WHAT YOU HAVE TO DO: Once "[ สมุดระบายสีเกาหลี ]" turns up in a line below, reproduce that line and those after it exactly, stopping after the line with "El hombre no"; leave pictures out.

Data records
>>>

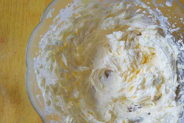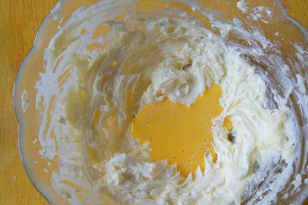 5.充分攪打至蛋液與黃油完全融合,然後再加入三分之一的蛋液,再次攪打均勻,再將最後三分之一的蛋液倒入黃油中,攪打均勻。蛋液要分三次加入黃油中,每一次都要攪打至融合之後才能加下一次,不然的話,容易出現油水分離的現象。
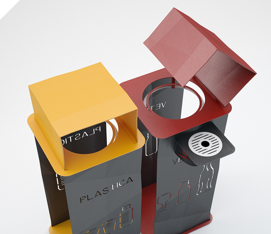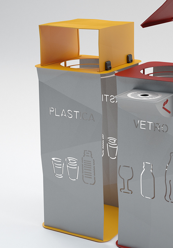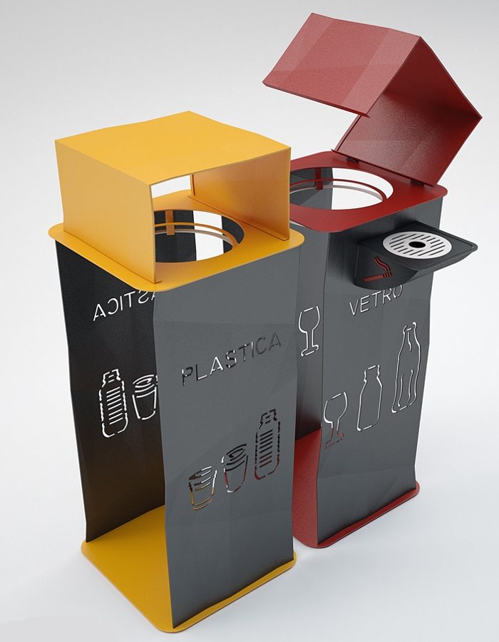 COMPOSITION: – Structure obtained from a single sheet of galvanized steel, laser cut, bent. – arranged on three sides to ensure the attachment of additional modules trash can. – On the basiC there are 2 holes (diameter 14 mm) for fixing to the ground. – The structure that contains the waste sacks is composed of a ring carrier bag, laser cut, and a locking ring bag, laser cut. – superior cover in galvanaized steel, fix on the structure with 2 hinges.
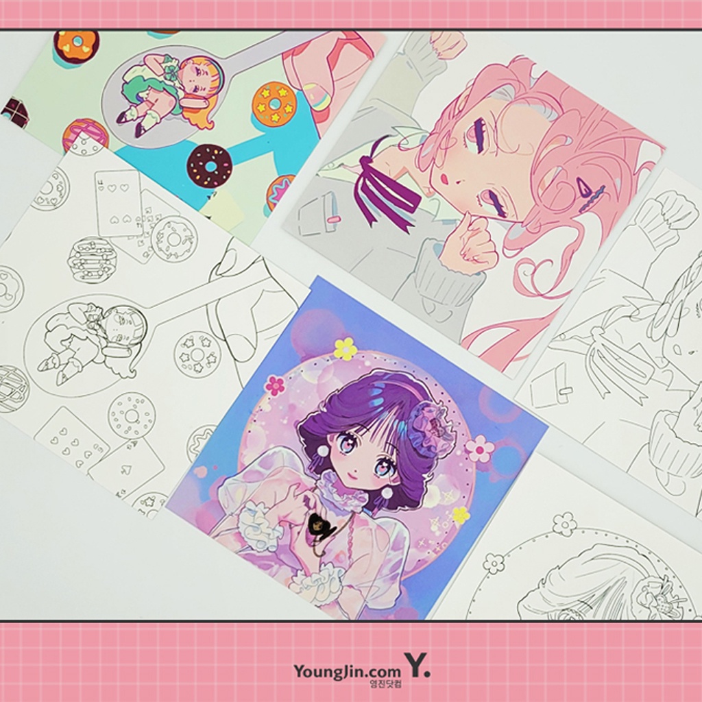 [ สมุดระบายสีเกาหลี ] Retro x Kitch x PinkPop Lovely Girl สมุดระบายสีสาวน่ารัก Vivinos
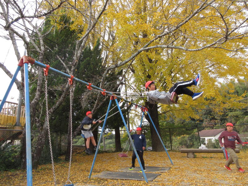 秋の陽ざしがやさしく降りそそぐ昼休み。 校庭の銀杏の木の下では、子どもたちが元気いっぱいに遊ぶ姿が見られます。
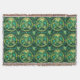 Tapestry featuring a pattern of green tropical leaves within circular frames on a leafy background. The design has a fresh and nature-inspired feel.
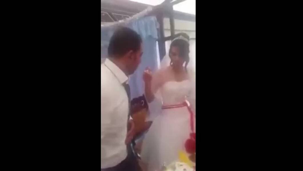 El hombre no tomó el gesto con humor y le dio un manotazo a su esposa, lo cual acabó con el encanto del significativo momento. La mujer mostró un rostro de dolor y vergüenza ante sus invitados y agachó la mirada. El video ha sido compartido por los usuarios en Internet y acumula millones de reproducciones.
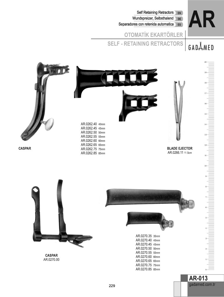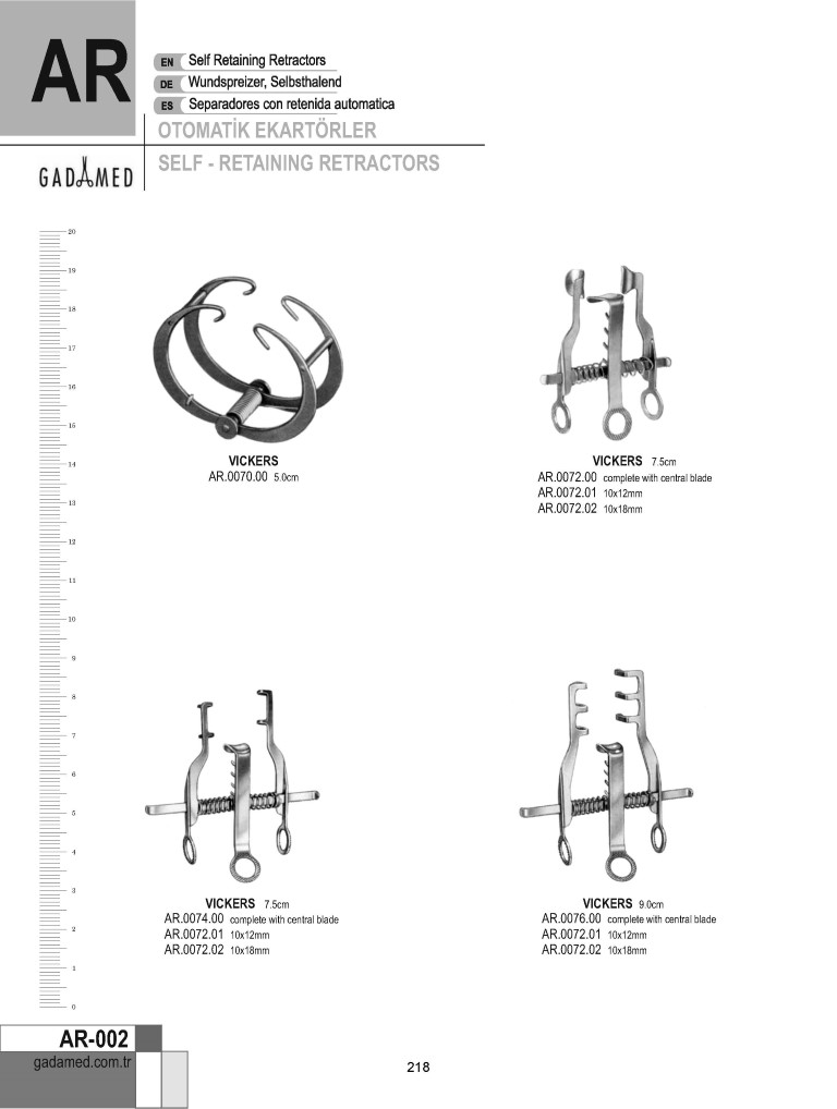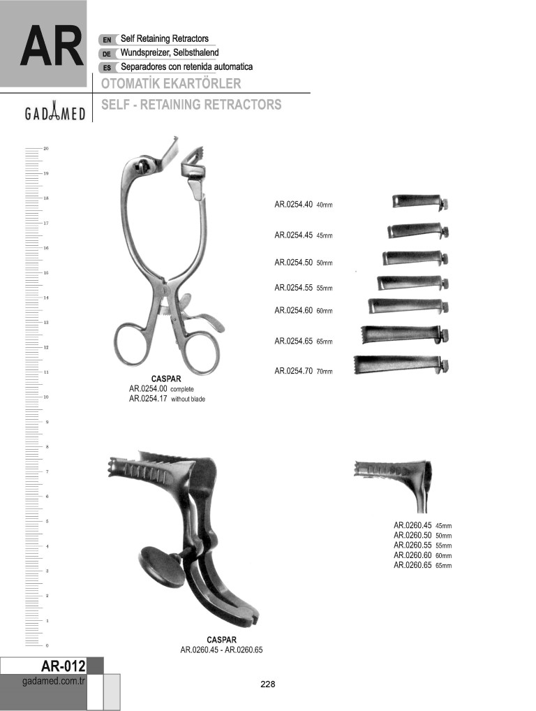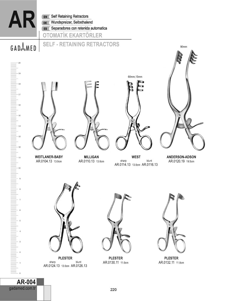 AR.0010.04 8681091028627 Otomatik ekartör, Logan model 3X3T, 4CM AR.0014.06 8681091028634 Otomatik ekartör, Buckley model cilt için keskin 3X3PR. 6CM AR.0020.08 8681091028641 Otomatik ekartör, cilt için 8.0 cm AR.0030.07 8681091028658 Otomatik ekartör, Alm model keskin 7CM AR.0030.10 8681091028665 Otomatik ekartör, Alm model keskin 10CM AR.0032.07 8681091028672 Otomatik ekartör, Alm model künt 7CM AR.0032.10 8681091028689 Otomatik ekartör, Alm model künt 10CM AR.0040.10 8681090891703 Otomatik ekartör, Kaupp model keskin 10.0 cm AR.0042.10 8681091028696 Otomatik ekartör, Kaupp model künt 10.0 cm AR.0050.05 8681091028702 Otomatik ekartör, Finsen model Keskin 3X3PR. 5CM AR.0050.07 8681091028719 Otomatik ekartör, Finsen model Keskin 7CM AR.0052.05 8681091028726 Otomatik ekartör, Finsen model künt 3X3PR. 5CM AR.0052.07 8681091028733 Otomatik ekartör, Finsen model künt 3X3PR. 7CM AR.0054.05 8681091028740 Otomatik ekartör, Finsen model Keskin W/SCREW 5CM AR.0054.07 8681091028757 Otomatik ekartör, Finsen model Keskin 7CM AR.0056.05 8681091028764 Otomatik ekartör, Finsen model künt W/SCREW 5CM AR.0056.07 8681091028771 Otomatik ekartör, Finsen model künt 7CM AR.0060.10 8681091028788 Otomatik ekartör,Jansen model keskin 3X3PR. 10CM AR.0062.10 8681091028795 Otomatik ekartör,Jansen model künt 3X3PR. 10CM AR.0070.00 8681091028801 Otomatik ekartör,Vickers model RİNG MODEL 5CM AR.0072.00 8681091028818 Otomatik ekartör, Vickers model komple AR.0072.01 8681091028825 Otomatik ekartör, Vickers model 12X10MM AR.0072.02 8681091028832 Otomatik ekartör, Vickers model 10X18MM AR.0074.00 8681091028849 Otomatik ekartör, Vickers model 10X12mm AR.0076.00 8681091028856 Otomatik ekartör, Vickers model UNİVERSAL HAND & CARPAL AR.0080.10 8681091028863 Otomatik ekartör, Weitlaner model keskin 2X3PR. 11.5CM AR.0082.10 8681091028870 Otomatik ekartör, Weitlaner model künt 2X3PR. 11.5CM AR.0084.13 8681091028887 Otomatik ekartör, Weitlaner model 3X4PR. SHARP 13CM AR.0084.14 8681091028894 Otomatik ekartör, Weitlaner model 3X4PR. SHARP 14CM AR.0084.16 8681091028900 Otomatik ekartör, Weitlaner model 3X4PR. SHARP 16.5CM AR.0086.13 8681091028917 Otomatik ekartör, Weitlaner model 3X4PR. BLUNT 13CM AR.0086.14 8681091028924 Otomatik ekartör, Weitlaner model 3X4PR. BLUNT 14CM AR.0086.16 8681091028931 Otomatik ekartör, Weitlaner model 3X4PR. BLUNT 16.5CM AR.0088.13 8681091028948 Otomatik ekartör, Weitlaner Wullstein model 3X4PR. SH. 13CM AR.0089.13 8681091028955 Otomatik ekartör, Weitlaner Wullstein model 3X4PR. BL. 13CM AR.0090.13 8681091028962 Otomatik ekartör, Weitlaner Wullstein model 3X3PR. SH. 13CM AR.0092.13 8681091028979 Otomatik ekartör, Weitlaner Wullstein model 3X3PR. BL. 13CM AR.0094.20 8681091028986 Otomatik ekartör, Weitlaner model 3X4PR. keskin 20CM AR.0094.23 8681091028993 Otomatik ekartör, Weitlaner model 3X4PR. keskin 23CM AR.0094.26 8681091029006 Otomatik ekartör, Weitlaner model 3X4PR. keskin 26CM AR.0096.20 8681091029013 Otomatik ekartör, Weitlaner model 3X4PR. keskin 20CM AR.0096.23 8681091029020 Otomatik ekartör, Weitlaner model 3X4PR. keskin 23CM AR.0096.26 8681091029037 Otomatik ekartör, Weitlaner model 3X4PR. keskin 26CM AR.0100.20 8681091029044 Otomatik ekartör, Travers model 4X5PR. 19X25 & 25X25MM, BL. 20CM AR.0100.21 8681091029051 Otomatik ekartör, Travers model 4X5PR. 19X25 & 25X25MM BL 21.5CM AR.0104.13 8681091029068 Otomatik ekartör, Weitlaner baby model SOLİD BLADE 13CM AR.0110.13 8681091029075 Otomatik ekartör, Milligan model 3X3PR. BLUNT 13CM AR.0114.13 8681091029082 Otomatik ekartör, west model keskin 13CM AR.0116.13 8681091029099 Otomatik ekartör, west model künt 13CM AR.0120.19 8681091029105 Otomatik ekartör, Anderson-adson model keskin 4X4PR. 19.5CM AR.0124.13 8681091029112 Otomatik ekartör, Plester model 2X2PR. SHARP 13CM AR.0126.13 8681091029129 Otomatik ekartör, Plester model 2X2PR. BLUNT 13CM AR.0130.11 8681091029136 Otomatik ekartör, Plester model 1X2PR. LEFT 11CM AR.0132.11 8681091029143 Otomatik ekartör, Plester model 1X2PR. RİGHT 11CM AR.0140.14 8681091029150 Otomatik ekartör, Scalp Contour model 3X4PR. keskin 14CM AR.0142.14 8681091029167 Otomatik ekartör, Scalp Contour model 3X4PR. künt 14CM AR.0150.16 8681091029174 Otomatik ekartör, Mollison model 4X4PR. SH 16.5CM AR.0152.15 8681091029181 Otomatik ekartör, Mollison model keskin 15CM AR.0156.18 8681091029198 Otomatik ekartör, Rigby model, Vajinal tip 18.0 cm AR.0160.17 8681091029204 Otomatik ekartör, Mayo-Adams model 17.0 cm AR.0162.17 8681091029211 Otomatik ekartör, Mayo-Adams model Central Bleyt 17CM AR.0170.18 8681091029228 Otomatik ekartör, Darling model CVD 57X38MM 18CM AR.0172.18 8681091029235 Otomatik ekartör, Darling modelCVD 57X38MM 18CM AR.0176.01 8681091029242 Otomatik ekartör, Henley model 3X4PR. SHARP 16.5CM AR.0176.02 8681091029259 Otomatik ekartör, Henley model 3X4PR. BLUNT 16.5CM AR.0176.19 8681091029266 Otomatik ekartör, Henley model bleyt 16X19MM AR.0176.25 8681091029273 Otomatik ekartör, Henley model bleyt16X25MM AR.0176.32 8681091029280 Otomatik ekartör, Henley model bleyt 16X32MM AR.0180.13 8681091029297 Otomatik ekartör, Gelpi-Loktite model 13CM AR.0182.09 8681091029303 Otomatik ekartör, Gelpi model 9CM AR.0182.14 8681091029310 Otomatik ekartör, Gelpi model 14CM AR.0182.16 8681091029327 Otomatik ekartör, Gelpi model 16CM AR.0182.18 8681091029334 Otomatik ekartör, Gelpi model 18CM AR.0186.18 8681091029341 Otomatik ekartör, Gelpi model stoplu 18CM AR.0190.15 8681091029358 Otomatik ekartör, Gelpi Seiletz model 15CM AR.0194.18 8681091029365 Otomatik ekartör, Gelpi Loktite model18CM AR.0196.18 8681091029372 Otomatik ekartör, Gelpi Loktite model 18CM AR.0200.22 8681091029389 Otomatik ekartör, Norfolk-Norwich model 4X5PR. BLUNT 51X215MM AR.0204.01 8681091029396 Otomatik ekartör, 6X6PR. SH, 27CM AR.0204.02 8681091029402 Otomatik ekartör, 6X6PR. SH, 27CM AR.0210.13 8681091029419 Otomatik ekartör, Adson model 3X4PR. keskin, 13CM

<<<

ANSWER FOR THIS EXERCISE:
 [ สมุดระบายสีเกาหลี ] Retro x Kitch x PinkPop Lovely Girl สมุดระบายสีสาวน่ารัก Vivinos
 秋の陽ざしがやさしく降りそそぐ昼休み。 校庭の銀杏の木の下では、子どもたちが元気いっぱいに遊ぶ姿が見られます。
 Tapestry featuring a pattern of green tropical leaves within circular frames on a leafy background. The design has a fresh and nature-inspired feel.
 El hombre no tomó el gesto con humor y le dio un manotazo a su esposa, lo cual acabó con el encanto del significativo momento. La mujer mostró un rostro de dolor y vergüenza ante sus invitados y agachó la mirada. El video ha sido compartido por los usuarios en Internet y acumula millones de reproducciones.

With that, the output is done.